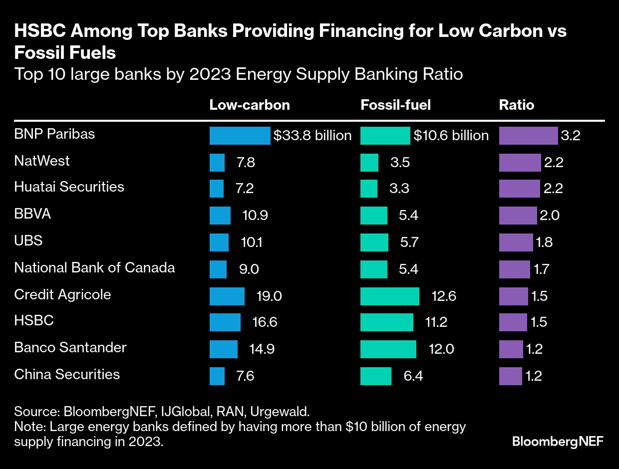 For now, banks aren't close to the 4-to-1 ratio of green-to-brown capital allocations that BloombergNEF says is needed if the industry is to align its business with the goal of limiting warming to 1.5C. At the end of 2023, the industry's so-called energy-supply banking ratio, which includes debt and equity underwriting, was 0.89 to 1, BNEF said in January. HSBC performed better than the industry average, with a ratio of 1.49, BNEF estimates.
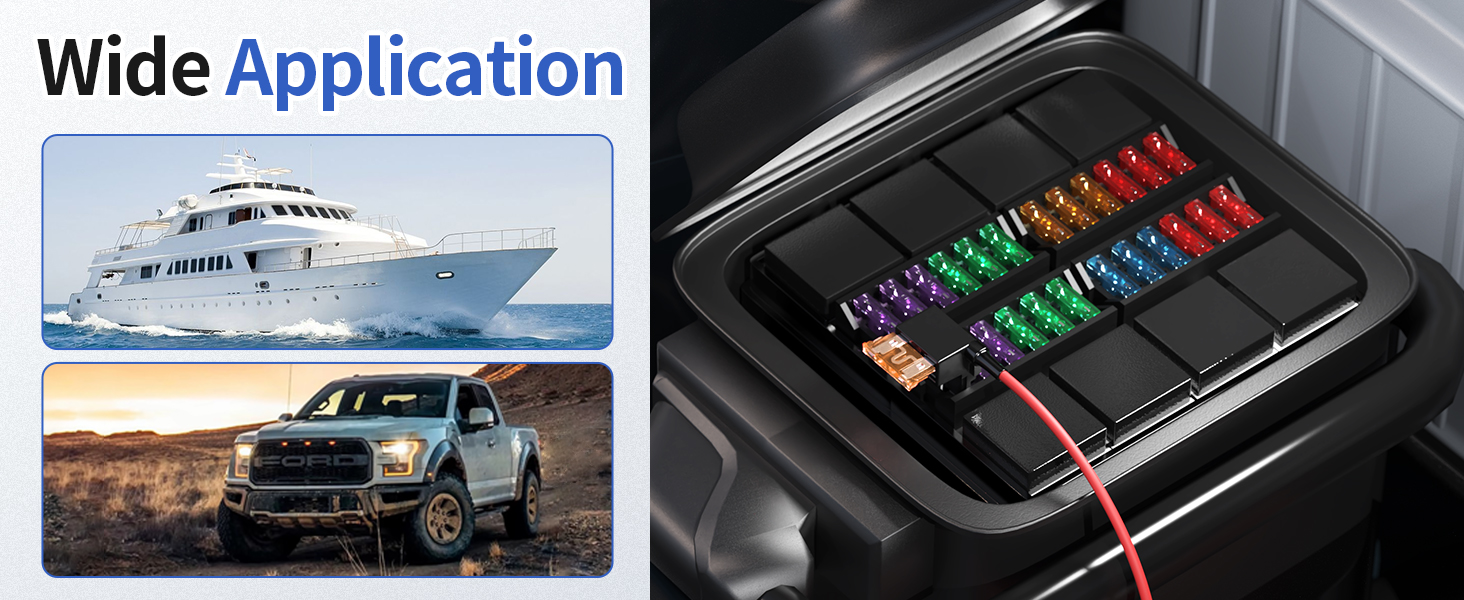 【Wide Application】The auto fuse tap adapter is compatible with automotive, truck, RV, UTV, and boat applications. Moreover, it's suitable for various auxiliary equipment in automobiles, such as tachographs, fuse boxes, car alarms, GPS systems, LED lights, air purifiers, and more.
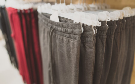 Rack with sweatpants in clothing store.
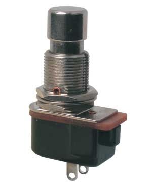 Přepínač tlačítko kul.ON-(OFF) 12V kov, bez aretace.
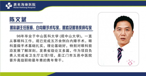 陈文斌主任,毕业于中山医科大学,长期专注于白内障诊疗,是国内少数白内障手术量超过5万例的专家之一。陈主任在海康医院执“刀”近五年,已经成为海康眼科的“金字招牌”。

• • • • •

# [Activity]
Nothing but the lines from the one with "Rack with sweatpants in clothing store." through the end of the entries above, both included, should be set down, exactly and without pictures.

# [Response box]
 Rack with sweatpants in clothing store.
 Přepínač tlačítko kul.ON-(OFF) 12V kov, bez aretace.
 陈文斌主任,毕业于中山医科大学,长期专注于白内障诊疗,是国内少数白内障手术量超过5万例的专家之一。陈主任在海康医院执“刀”近五年,已经成为海康眼科的“金字招牌”。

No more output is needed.